Chapter 2
Access to information in share registers
2.1
This chapter examines the bill's provisions on access to companies'
share registers. It notes how the information in share registers has been used
(and abused) and highlights broad support for the introduction of a provision
to prevent improper use of register information through a list of improper
purposes in the Corporations Regulations.
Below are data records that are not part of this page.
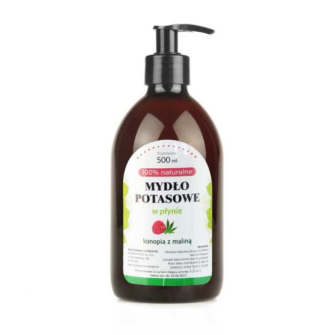 Mydło potasowe konopno- malinowe w płynie do ciała i rąk w szklanym słoiku 500 ml
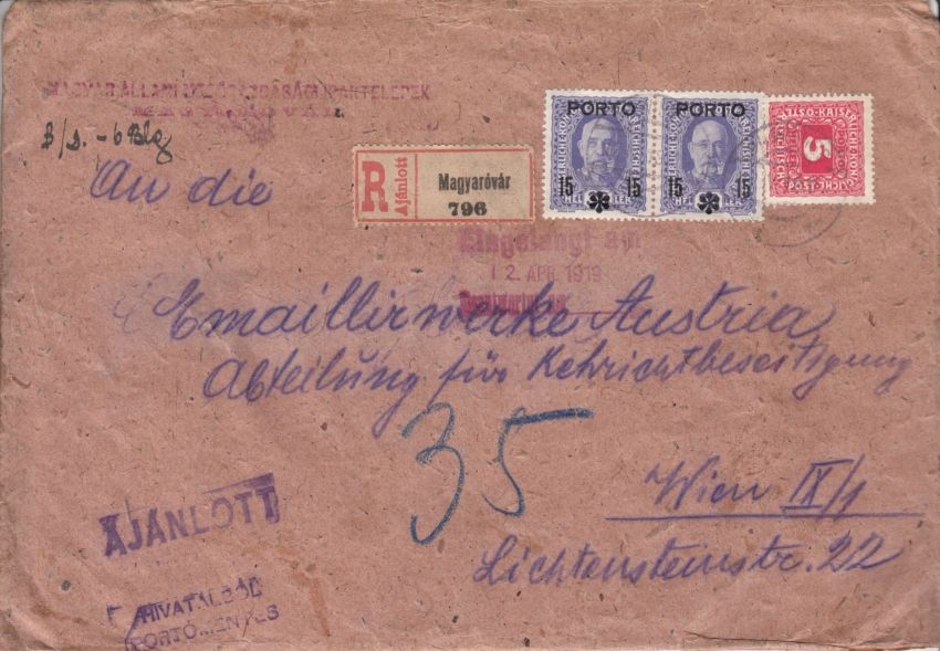 in Wien mit 35 H. nachporto belegt - ohne Inhalt
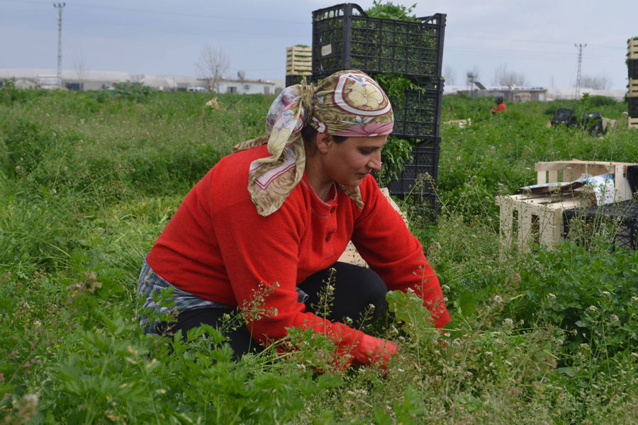 Çukurova’da yaşayan tarım işçisi kadınlar günde 12 saat boyunca tarlada tere, roka, maydanoz ve yeşil soğan topluyorlar. “20 yıldır tarlada çalışıyorum ama değişen hiçbir şey yok. Ne geleceğimiz güvence altında ne de bir birikimimiz var. Sadece günü kurtarmaya çalışıyoruz” diyerek anlatıyor MA'ya konuşan tarım işçisi kadınlardan Yıldız Bozkoyun halini. Çukurova’nın sabahında gün sonuna dek ter dökerek işliyorlar toprağı, topluyorlar ürünü. Sabahın ilk ışıklarında yola çıktıklarını anlatıyor Yıldız, Yazın sıcakta kışın yağmur, çamur ve soğukta çalışmak zorunda kalıyor: “Mecbur olduğumuz için bu zorluklara katlanıyoruz. Aldığım para çocukların okul masraflarına ancak yetiyor.” Birde bu işin güvencesizlik yanı var tabii. Emeklerinin karşılığını da alamadığını dile getiriyor bir yandan.
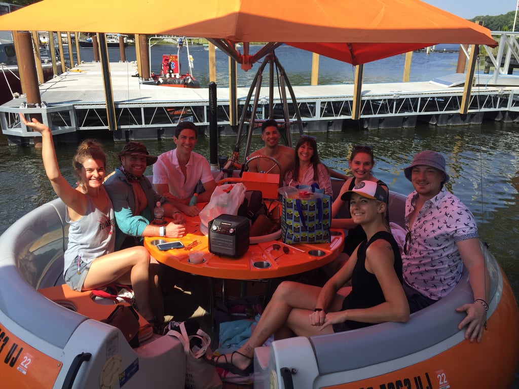 Experience a unique cruise on Tempe Town Lake with friends or family aboard a donut boat. Enjoy a comfortable round table, music, and scenic views as you relax on the water.
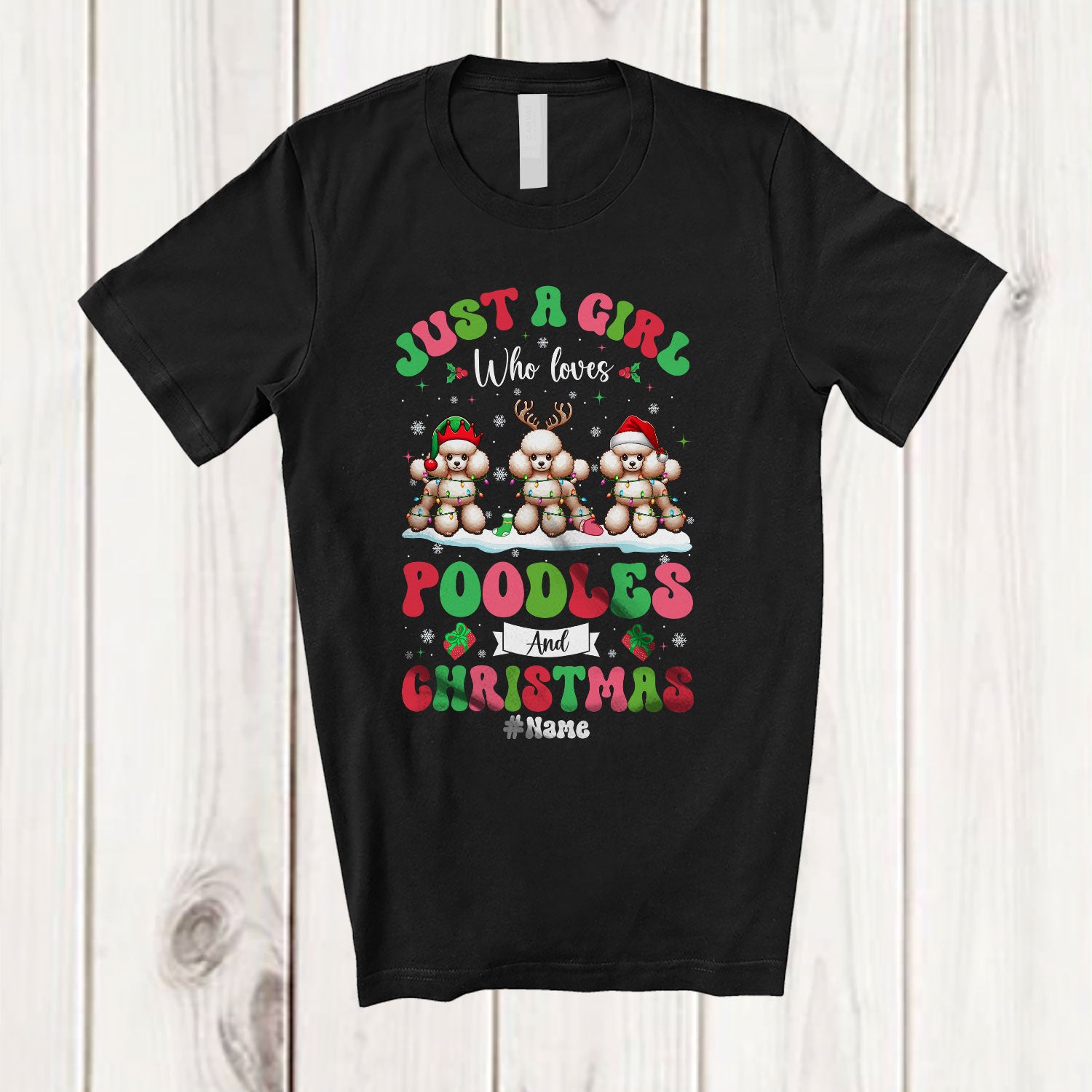 • Personalized Custom Name Girl Who Loves Poodles Christmas; Amazing X-mas Snow Lights T-Shirt. This cotton t-shirt is a durable staple product with a classic fit. One of the most popular items, it has a relaxed style made for everyday and casual wear.

Accessing information in company registers
2.2
Companies are required to keep registers of their members containing members'
names, postal addresses and shareholding details. These registers provide
necessary information to assist current and future members to exercise their
membership rights, and members and interested third parties to engage in
commerce.[1]
2.3
Currently, anyone may request a copy of a company's shareholder register
without providing any indication of the purpose for which they intend to use
the information.[2]
There are various well-accepted reasons for a person to access the register.[3]
These include:
- members checking that their personal details are accurately
recorded on the register;
- members communicating with other members about their potential
rights to bring or join an action against the company for relief against
oppression or to bring a statutory derivative action;
- members or interested third parties wishing to write to existing
members with an offer to purchase shares at a fair price;
- members or interested third parties wishing to canvass a small
number of members to identify sellers, as a step preliminary to a takeover bid;
- members wishing to contact other members in order to influence
company management about the operation of the company or to obtain support for
a members' resolution; and
- candidates for directorship contacting members about their
election.[4]
2.4
However, Treasury told the committee that 'increasingly, members'
contact details are being used for a number of purposes that are not considered
proper, but currently there are insufficient mechanisms in the legislation to
prevent this'.[5]
The bill introduces a proper purpose test for the use of a company's share
register. It requires persons seeking a copy of a register of members to apply
to the company, providing their name, address, corporation, the purpose for
which they will use the information in the register and whether this
information will be disclosed to a third party.[6]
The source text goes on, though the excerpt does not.